Logan nodded his understanding. This was the group whose membership was limited to those who had climbed all forty-six Adirondack peaks over four thousand feet. The requirements included both mountains with blazed trails and the trailless peaks, and, as he recalled, at least one winter ascent. He and Kit had once, years back, entertained hopes of joining the elite club — before reality intervened.

“Both were savagely mauled to death,” Jessup went on. “Both were killed in roughly the same remote location — and both, as it happens, during a full moon.”

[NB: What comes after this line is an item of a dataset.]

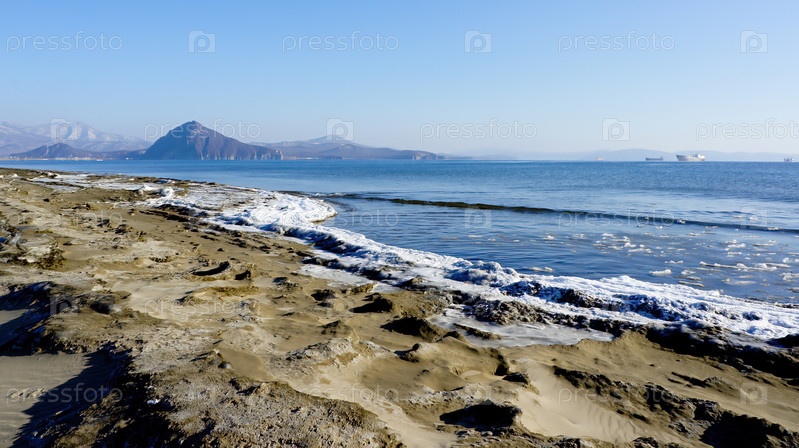 Зимний морской пейзаж с кораблями на горизонте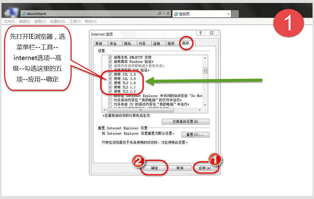 一、首先在常人系统对IE浏览器进行举报前的必要设置:打开IE,打开菜单栏--工具--internet选项--高级--勾选ssl2.0,ssl3.0(由于网站使用特殊的协议,不勾选就打不开举报网页)--应用--确定。

“What remote location, exactly?”

“West of the Five Ponds Wilderness.” Jessup paused a moment, and night sounds from the open window — the rustle of leaves picked up by a stray gust of wind, the hoot of an owl — filled the silence.

“These hard-core backpackers are a breed apart,” Jessup said. “No achievement, no matter how hard-won, is ever enough. So once they’ve bagged all forty-six peaks, some of them go on to score other bragging rights. Three mountains seem to be favorite.” He pulled a leatherbound journal from a breast pocket, leafed through it, studied a page for a moment. “Avalanche Mountain, number sixty-three — close to higher and more famous mountains and an obvious choice. North River Mountain, number fifty-six, just shy of four thousand feet and coveted because the official state surveyor, Ebenezer Emmons, climbed it immediately before his famous 1836 ascent of Whiteface Mountain. But the most coveted prize is Desolation Mountain. At only thirty-two hundred feet, it’s not even in the top hundred.” He replaced the journal. “But its claim to fame, and what makes it such an attractive target, is its remoteness. The Desolation Lake area is probably the wildest and most isolated section of the entire park — even more so than the Silver Lake Wilderness or Wilcox Lake. Not only that, but the terrain there is terrible for hiking — no access roads and few motorized lakes, covered with blowdowns, outwash bogs, all sorts of other hazardous conditions. Unless you know what you’re doing, and you’re incredibly motivated, it’s almost impossible to reach. The climb itself is the easy part.” He laughed almost bitterly, shook his head. “That’s why it’s known among the ADK climbing elite as ‘heartbreak forty-seven.’ ”

As quickly as it came, the laugh died in Jessup’s throat. “Both hikers were found in the vicinity of the mountain. As you can imagine, there’s not a lot of traffic through there, and by the time the bodies were discovered each was in an advanced state of decomposition. As a result, the autopsies were somewhat inconclusive, but given the violence inflicted on the corpses, the verdict in both was mauling by a rogue bear.”